21:54I have a feeling.
21:55Yeah.
21:55Tibalt?
21:56Yes.
21:56Ah, he's the only one who recognized himself.
21:58He was the only one who recognized himself.
21:59Well, for me, it's Tibalt.
22:01And the family name?
22:01He put it well.
22:02Dosan.
22:03Tibalt Dosan, it works like crazy.
22:04He was 8 years old.
22:05It was 8.
22:06Tibalt Dosan.
22:07It works like a charm.
22:07Ben, that's my first name.
22:08What is its origin?
22:09Belgian and French.
22:10I would bet my life on this man.
22:13OK.
22:14On the fourth one who just arrived.
22:14Life, plain and simple.
22:15Ah, him.
22:15I had to believe it too.
22:16The last one, without any hesitation.
22:19Go ahead, sir.
22:20So, I have to say that my name is Tibalt, right?
22:22Oh, let's go!
22:25No.
22:25Pizza delivery, here.
22:27Ah, is that a pizza from Mama?
22:29Pizza delivery, just right.
22:31It's a shitty litter box.
22:32Ah, that's because I usually wear my glasses.
22:37And actually, right now, because I don't like them.
22:39And you have your glasses, sir.
22:40Ah, but why are you doing this?
22:45Ah, you are leaving, sir.
22:48Ah, but it's a pile of shit litter.
22:52This photo, just...
22:53No, but he's still the fan.
22:54It's the fan again, it's a joke.
22:56I'm a really big fan.
22:58Don't get me angry, don't get me angry, don't get me angry.
22:59He threw dream, he threw dream directly.
23:01OK, Marc.
23:02He came with a reference.
23:03Is that a litter box full of shit, or am I dreaming?
23:04We obviously remember this video.
23:06It's a cult classic.
23:06Is this a joke or what?
23:07It's a shitty litter box.
23:09Ah, okay, we'll exchange.
23:10Yes, that works for me.
23:11That suits me perfectly.
23:12We're on a huge bucket.
23:14Oh dear, oh dear.
23:15We're going to stuff ourselves silly.
23:17There, I fuck myself in a big bucket of chicken.
23:21It's a carcass.
23:22That's something that's dead, clearly.

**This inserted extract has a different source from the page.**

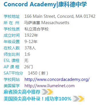 康科德學(xué)院Concord Academy康科德中學(xué)位于馬薩諸塞州,成立于1922年。學(xué)校占地39英畝,優(yōu)美校園,設(shè)備完善,離波士頓18英里,距劍橋市約30分鐘,與同列美國(guó)私立寄宿高中“第一梯隊(duì)”的其他學(xué)校相比,康科德學(xué)院最大的特色就是藝術(shù)氛圍濃厚。約翰·肯尼迪的女兒-卡洛琳·肯尼迪就讀于此,學(xué)校是一所頂尖寄宿中學(xué),感興趣的朋友可以馬上咨詢。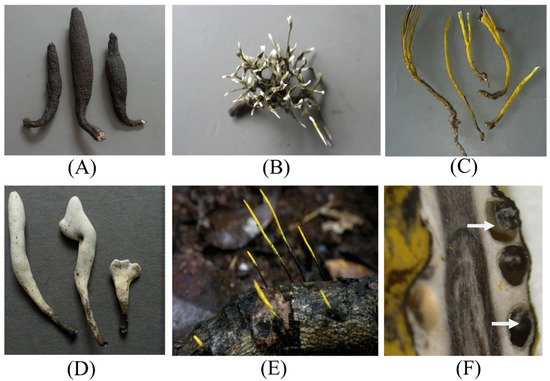 Teleomorphic stromata of various Xylaria species in Guyana. (A) Common black carbonaceous morphology of Xylaria sp.; (B–E) Other morphologically distinct forms of Xylaria; (F) Section through stromata exposing perithecia (arrows).

23:24Enjoy your meal, ladies and gentlemen.
23:26Bad breading, perhaps.
23:28We're on this cup.
23:30It's an indie game.
23:31The goal is to go directly and knock on people's doors.
23:34Suggest that they go straight home.
23:37So, in fact, we need to coax them a little.
23:38And they actually respond with AI.
23:40OK.
23:41And the more you make them feel comfortable,
23:42The more they tell each other,
23:43OK, I'll let him in.
23:44Actually, you have a vampire.
23:45And once you get back to his place,
23:46You can kill him and transform into him.
23:48OK, we're going to go and try to tempt you directly at this person's place here.
23:51It's going to be tough with the hat on.
23:52Hello, my dear lady.
23:53I'm here to fix your fiber optic problem.
23:55and maybe put a little hand on your ass or the other one.
23:57There, there, there, there, there, it's...
23:59I hope it works, team.
24:00Will she be sensitive or not?
24:02Show me the cable, the fiber optic cable.
24:03before I show you my old trench razor.
24:05I wanted to show you my enormous cable.
24:07It's in my underwear.
24:08We can have a great time together.
24:10Is this a metaphor?
24:11We're going somewhere else.
24:12She slapped me across the face.
24:14Try to get me into someone's house, what.
24:15You have a very nice sweater and beautiful ballet flats.
24:17I tried the compliment technique.
24:18That's good, that's good.
24:20She likes it.
24:21Still not sure if you're going to plaster me with dressings?
24:23Or if you're bored, but go ahead.
24:24Okay, I can go home.
24:25Let me in and I'll tell you a little more.
24:27I see a very nice mango at the back of your kitchen.
24:30Mango predator, my fruit isn't all good for you...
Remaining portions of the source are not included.